Simone DemolinariPsicanalista com Mestrado e dissertação em Anomalias Comportamentais, apresentadora na 102,9 e 98 FM

Modo acelerado

18/08/2021 às 18:12.
Atualizado em 05/12/2021 às 05:42

Curioso perceber como a nossa impaciência refletiu até na tecnologia; um exemplo é a opção acelerada dos aplicativos para ouvir áudios. Ja há algum tempo, o modo de se comunicar migrou para mensagem, um reflexo também da nossa ansiedade. Uma conversa presencial demanda mais tempo, paciência e escuta ativa. Tudo isso se reduz quando nos comunicamos por mensagens. Mas, mesmo assim, o tamanho dos áudios vinha incomodando muitos. Criou-se então a opção de colocá-lo em alta rotação. 

Para atender à nossa avidez pelo rápido conseguimos acelerar não só mensagens, como também vídeos no youtube, filmes, pular introduções, etc. É visível o nosso incômodo em esperar. Além disso, outra questão ocorre na atualidade: a dificuldade de concentração. Assistimos TV, ao mesmo tempo que mexemos no telefone, enviamos uma mensagem, abrimos aplicativo, enquanto fazemos uma ou outra atividade manual ou lembramos e nos preocupamos com algo.

É verdade que a modernidade tecnológica muito veio para nos ajudar, mas também nos deixou mentalmente preguiçosos, ansiosos e inquietos. Alguns reflexos disso:

Dificuldade em prestar atenção: estamos cada vez mais “presenteístas” – corpo presente e mente divagando.

Não aguentamos esperar: tudo ficou urgente, precisa ser resolvido e respondido rápido. Se compararmos à paciência que tínhamos que exercitar ao escrever uma carta e esperar a resposta, hoje consideramos um absurdo se nossa mensagem não for respondida em 1 hora. Estamos sem reservas de paciência, passamos de calmos para furibundos num segundo. Serenidade é uma virtude rara.

Ansiedade: o numero crescente de ansiolítico e antidepressivo nos mostra uma população adoecida. Segundo dados da Agência Brasil, uma pesquisa feita pela Universidade Federal do Rio Grande do Sul em 2020 revelou que 80% da população brasileira tornou-se mais ansiosa na pandemia. A ansiedade se mostra crescente no mundo, mas o curioso é que a mesma pesquisa em outros países apontou que a ansiedade aumentou 30%, ou seja, conseguimos perceber que a coisa já não ia bem por aqui.

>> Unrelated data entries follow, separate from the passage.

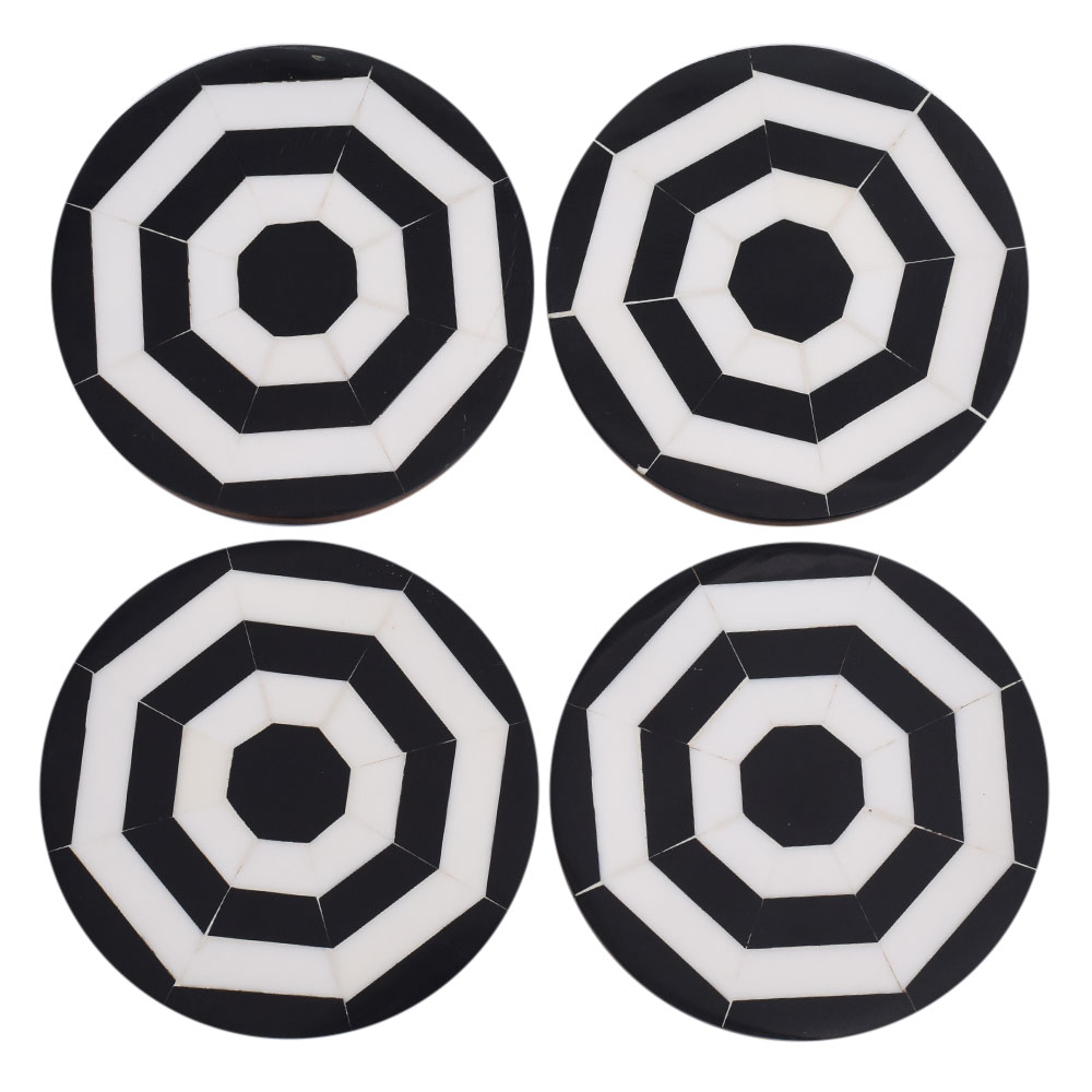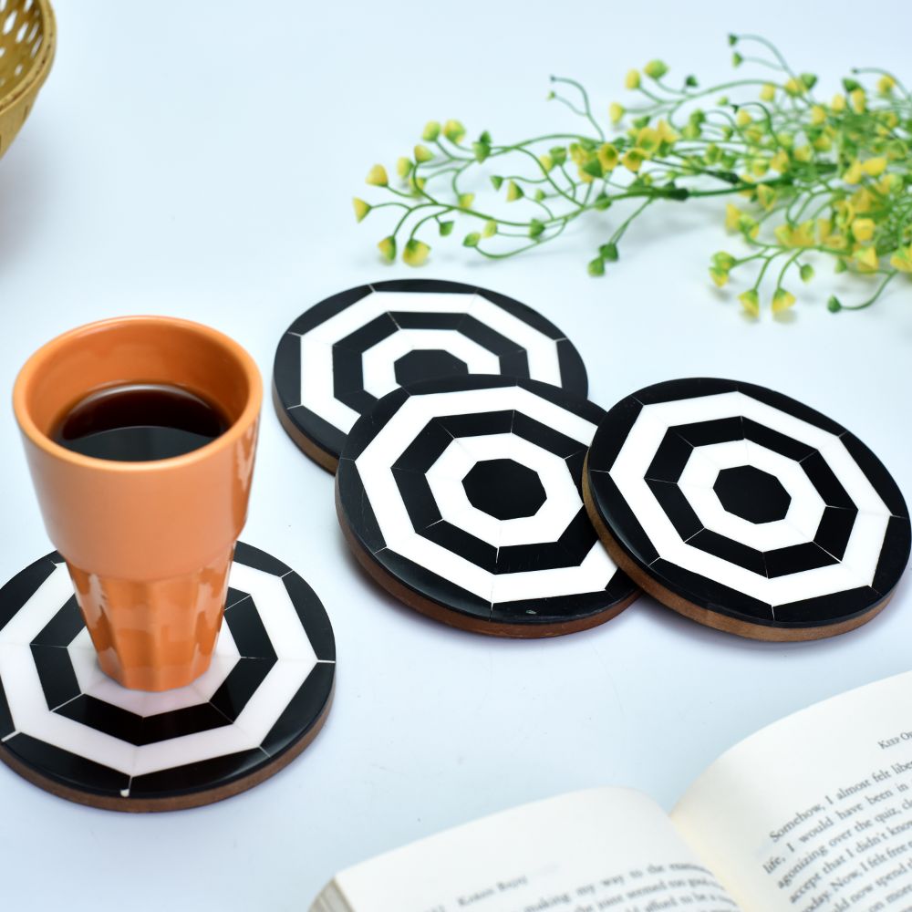 These exclusive round black and white pattern coasters made of wood and resin will add a beautiful touch to your table. The coasters are small table accessories that add a touch of indian eloquence to your desk, table, workspace, and countertops by keeping them clean and dry. Ideal for use at home, bars, restaurants, bars, coffee shops, companies, offices, education institutions, religious institutions, special occasions, catering, events, and daily use.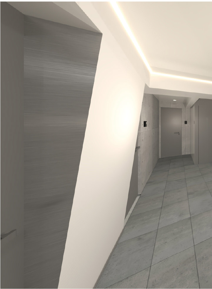 周囲の穏やかな陽光を採り入れたエントランスホール。外観の意匠を受け継ぐように、シフトする壁と金属パネルのエッジが存在感を示します。ライン状の間接照明や床に敷かれた天然石など、モダンな中にも格式高さが漂う迎賓の場です。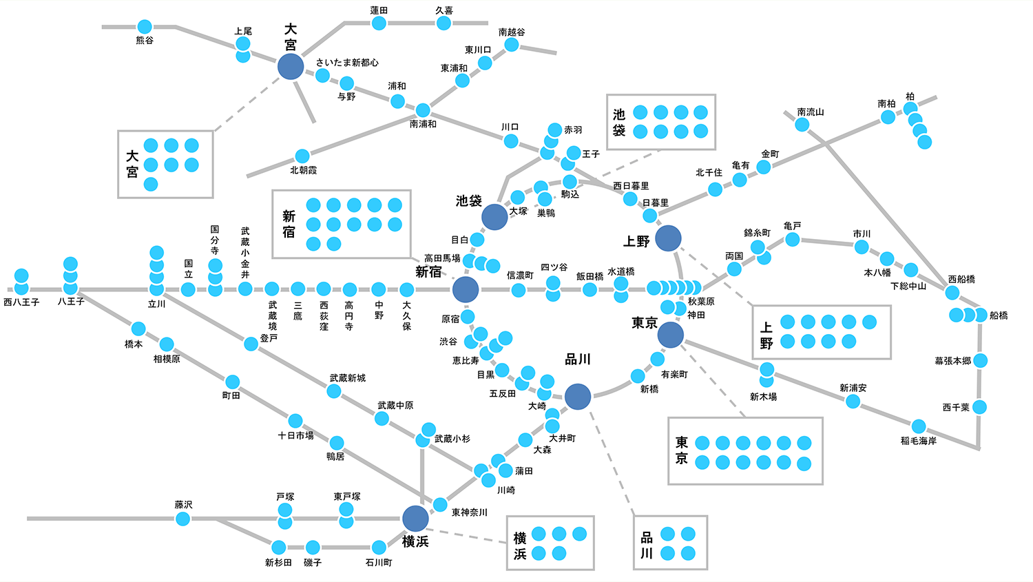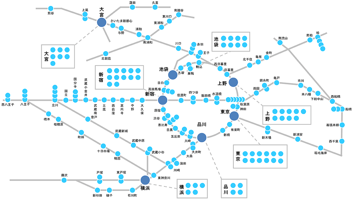 東京圏内※での広域設置と主要ターミナル駅への複数台設置で駅を行き交う多くのお客さまへリーチします。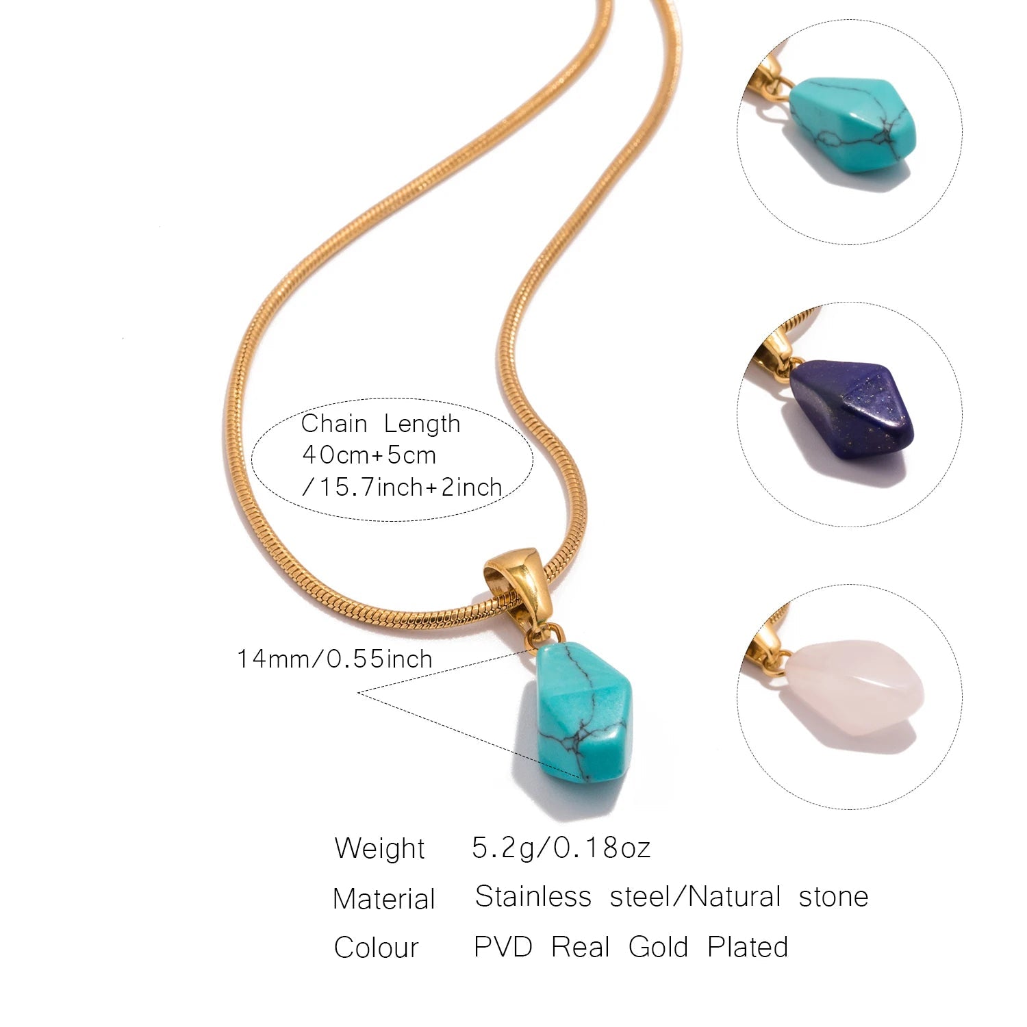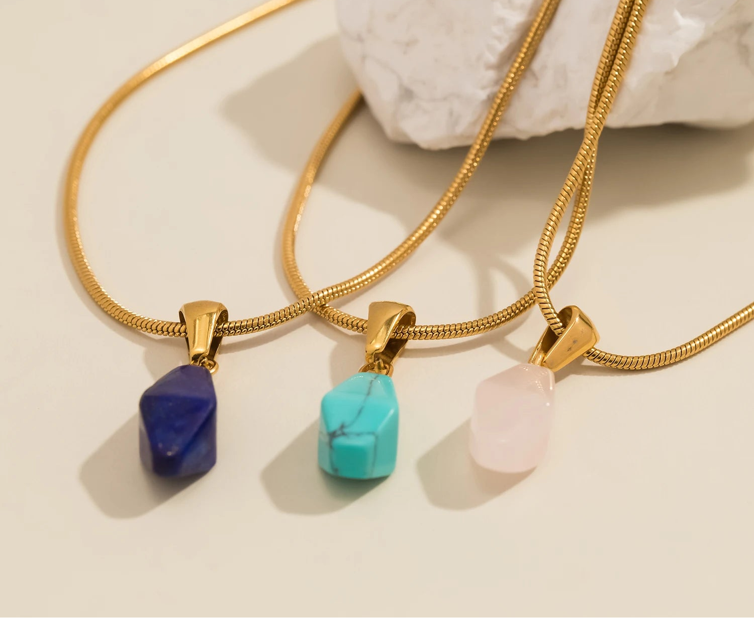 This minimalist pendant features a smooth, geometric natural stone suspended from a sleek stainless steel snake chain. Waterproof, hypoallergenic, and beautifully versatile, it’s designed to bring elegance and ease to your everyday rituals.

Déficit de memória: há muita queixa sobre a dificuldade em reter e lembrar dados e informações. Sabemos que a memória funciona como um músculo que, se exercitado, tende a crescer. Antigamente guardávamos números de telefone, citações literárias, orações, isso porque não tínhamos recursos para nos ajudar. Com a modernidade vieram as agendas, os corretores ortográficos, os audiobooks, os lembretes e ficamos preguiçosos. Não queremos ler, tudo tem que ser muito resumido, abandonamos os textos e preferimos as imagens.

Como podemos nos salvar?

Aos interessados em melhorar a qualidade de vida física e psíquica convém remar contra essa maré. Além de exercitar o corpo, devemos também abandonar o hábito da multitarefa, isolar o telefone quando formos assistir um filme, dirigir, conversar; desenvolver a disciplina da leitura diária, exercitar a paciência esperando, ouvindo com atenção.

Se conseguirmos desacelerar seremos melhores para os outros e principalmente para nós mesmos.